▸ REQUIREMENT
Reproduce verbatim the lines of the material below, starting at the line with "Der 13 jährige" and ending at the line with "很容易找到这个 token 的来源: 上一个请求, 即拿到登录表单的请求.", both inclusive; skip the rest.

▸ INPUT
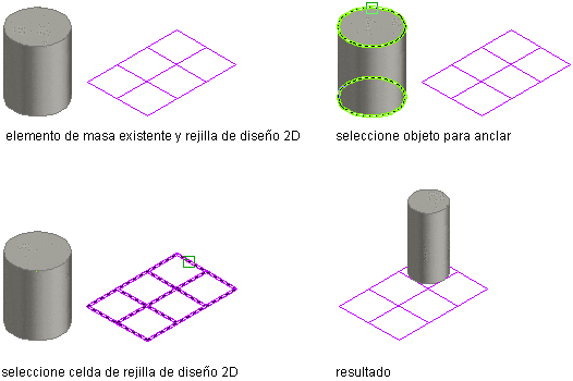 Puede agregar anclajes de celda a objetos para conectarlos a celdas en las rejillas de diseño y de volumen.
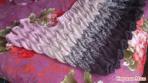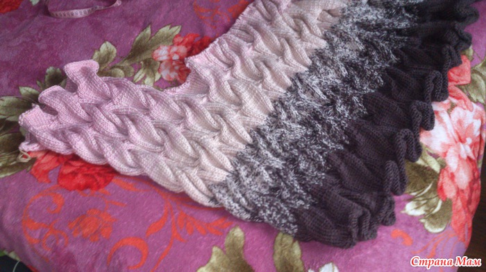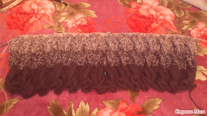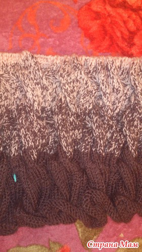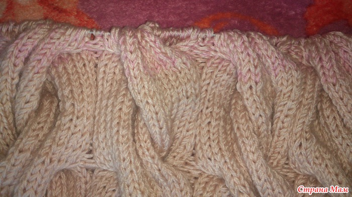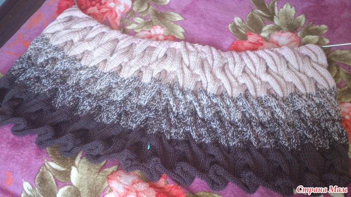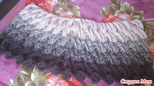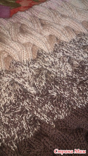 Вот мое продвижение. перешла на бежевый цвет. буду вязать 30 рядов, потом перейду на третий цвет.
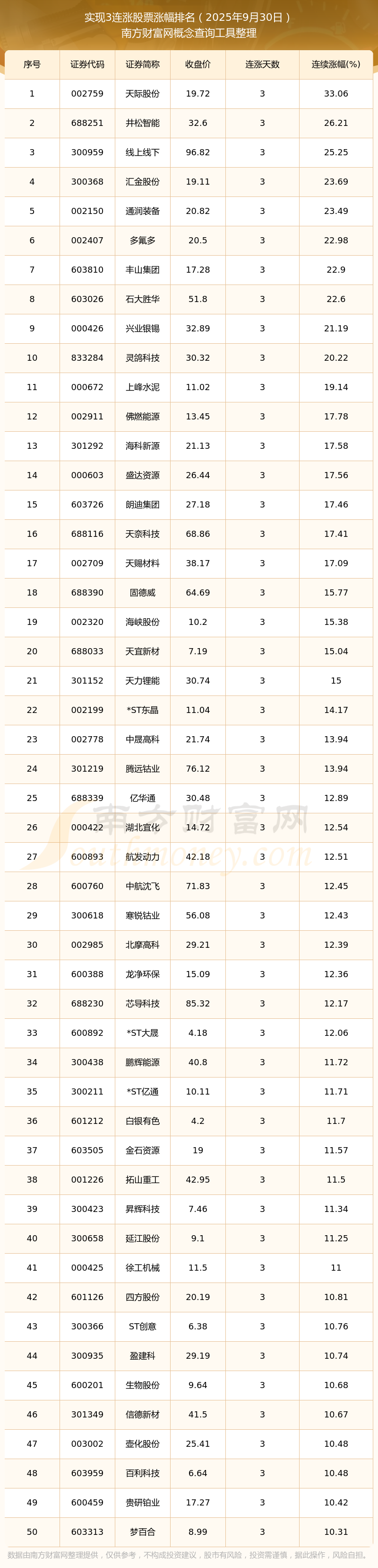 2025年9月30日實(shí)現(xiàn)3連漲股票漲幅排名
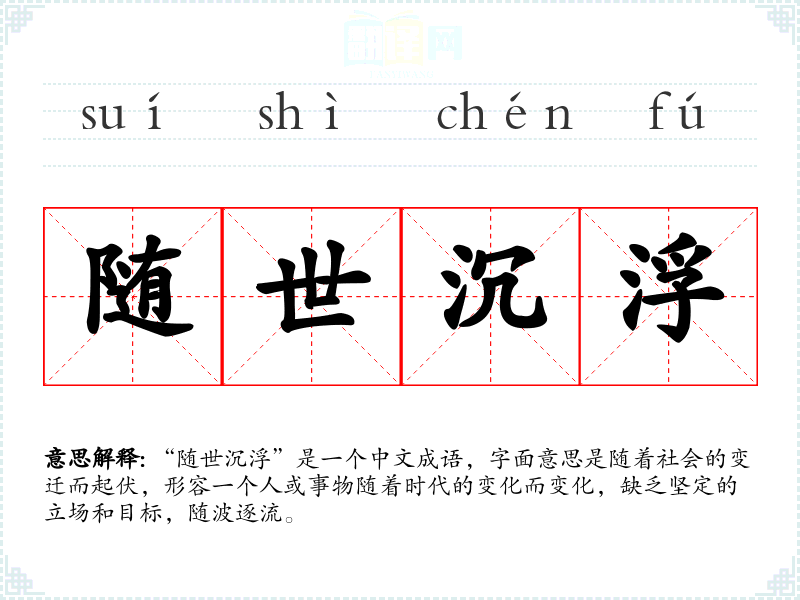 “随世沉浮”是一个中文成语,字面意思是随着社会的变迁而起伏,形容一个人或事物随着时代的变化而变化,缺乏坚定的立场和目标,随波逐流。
--
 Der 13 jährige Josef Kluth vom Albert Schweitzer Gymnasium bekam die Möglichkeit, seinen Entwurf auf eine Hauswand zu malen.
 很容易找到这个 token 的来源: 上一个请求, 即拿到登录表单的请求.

▸ WORKED SOLUTION
 Der 13 jährige Josef Kluth vom Albert Schweitzer Gymnasium bekam die Möglichkeit, seinen Entwurf auf eine Hauswand zu malen.
 很容易找到这个 token 的来源: 上一个请求, 即拿到登录表单的请求.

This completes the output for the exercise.